In contrast to photographs of women during the War, her photos do not show the victimisation of women, unclad or covering their faces. Khanum’s photographs of women carrying guns on their shoulders create a fresh narrative around a subjugated Bangladesh. She often valorised women – especially those tortured and abused, those who supported freedom, those who provided inspiration and courage through cultural activism – as front liners in the battlefield. The photographer also memorialised male freedom fighters as they returned from war carrying Sten guns in their hands. In many respects, Sayeeda took the 1971 Liberation War photographs for the purpose of documentation but also to portray the awakening of a nationalist ideology.
The Portrayal of Women in Sayeeda Khanum’s Photos
Sayeeda Khanum’s personal collection of photos remains largely unexplored. The photographs that we see span the 1950s till the 2000s and they are mostly a documentation of Bengali women. They bear testament to a cultural and political understanding, to her struggles.
On the covers of Begum magazine, she highlighted the role of women in all spheres of life. She photographed celebrities and non-celebrities alike from villages and cities. We know for instance, of Julia Margaret Cameron’s (born in Calcutta, 1815-1879) photographs of her close associates in intimate settings from the same region. One hundred and twenty-two years after Julia’s birth, Sayeeda too captured the lives of those close to her. Julia took photos in her studio, using a box camera; Sayeeda used her Rolleicord both indoors and outdoors.
The women in Sayeeda Khanum’s photographs are romantic, sentimental, melancholic, and yet independent fighters. Her subjects are seen in sailing boats, in old houses (Figure 3), with paint brush in hand, in prayer, arranging flowers in vases. The play of light and shadow of women posed in balconies, by windows and at the same time, carrying rifles, preparing for war, creates a diverse oeuvre. These photos were not reportage, but a portrayal of the lives of woman in cinematic or pictorial style. Little difference can be found between commissioned works and her personal photographs. In her pictures, the private and public lives of women are attended to similarly. It appears that she knew her subjects well and transformed interactions into photographs.
Khanum passed away on 18 August 2020. Her works were never given their due recognition during her lifetime. A large portion of Sayeeda Khanum’s archives are yet to be found – and finding these will surely facilitate further research into the life and contribution/s of a forgotten pioneer.
Notes
[1] Kabuliwala refers to the Afghans of Kolkata who made a living as traders, sellers and hawkers. It became a household term in Bengal after the publication of Rabindranath Tagore’s short story of the same name in 1892. See Rabindranath Tagore, ‘Kabuliwala’, in Galpa Guchcha (Dhaka: Nouroj Sahitya Sangsad, 1990), 84–89.

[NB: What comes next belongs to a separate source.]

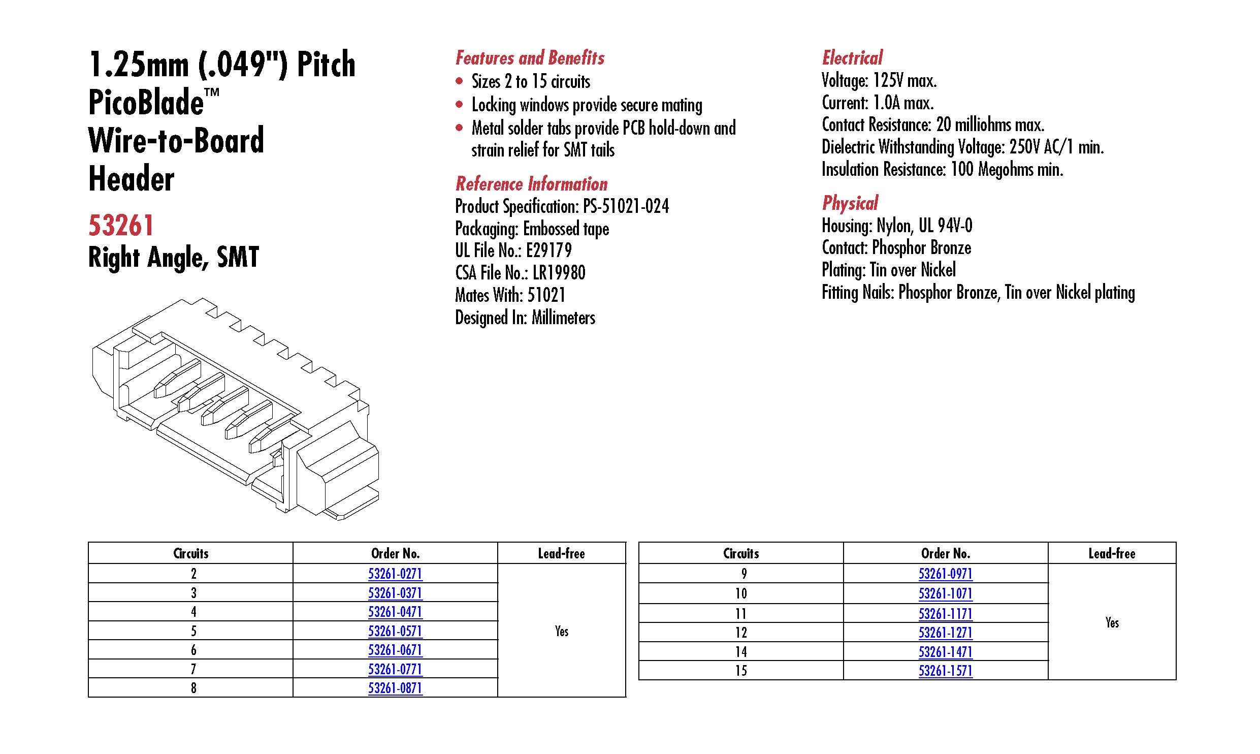 連接器 P:1.25mm 10P SMT_Molex【ROHS】

[2] Sayeeda Khanum, Smritir Path Beye (Dhaka: Yukta Prokashono, 2013), 37.
[3] Mahmuda Khatun, Pasharini (Kolkata: Manasi Press, 1931).

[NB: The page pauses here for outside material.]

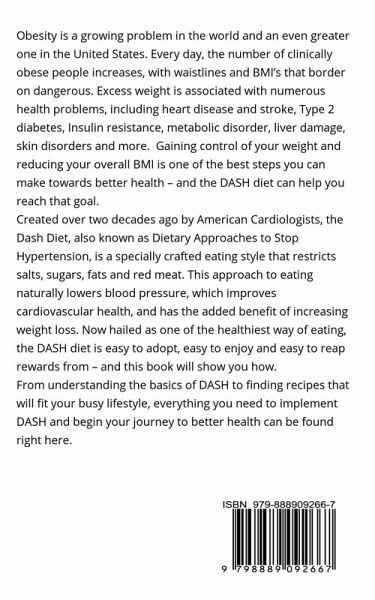 Obesity is a growing problem in the world and an even greater one in the United States. Every day, the number of clinically obese people increases, with waistlines and BMI's that border on dangerous. Excess weight is associated with numerous health problems, including heart disease and stroke, Type 2 diabetes, Insulin resistance, metabolic disorder, liver damage, skin disorders and more. Gaining control of your weight and reducing your overall BMI is one of the best steps you can make towards better health - and the DASH diet can help you reach that goal. Created over two decades ago by American Cardiologists, the Dash Diet, also known as Dietary Approaches to Stop Hypertension, is a specially crafted eating style that restricts salts, sugars, fats and red meat. This approach to eating naturally lowers blood pressure, which improves cardiovascular health, and has the added benefit of increasing weight loss. Now hailed as one of the healthiest way of eating, the DASH diet is easy to adopt, easy to enjoy and easy to reap rewards from - and this book will show you how. From understanding the basics of DASH to finding recipes that will fit your busy lifestyle, everything you need to implement DASH and begin your journey to better health can be found right here.

[4] Khanum, Smritir Path Beye, op. cit., 15.
[5] Sayeeda Khanum, Dhulomuthi (Dhaka: Adil Brothers, 1964); Upanyashtroyee (Dhaka: Yukta, 2015); Amar Chokhe Satyajit Ray (Dhaka: Yukta, 2016); and Smritir Path Beye, op. cit.
[6] Khanum, Smritir Path Beye, op. cit., 15.
[7] Khanum, Amar Chokhe Satyajit Ray, op. cit.
[8] Khanum, Smritir Path Beye, op. cit., 71.
Jannatul Mawa is a Dhaka-based photographer, researcher, and human rights activist. She teaches at Pathshala South Asian Media Institute, Dhaka, Bangladesh.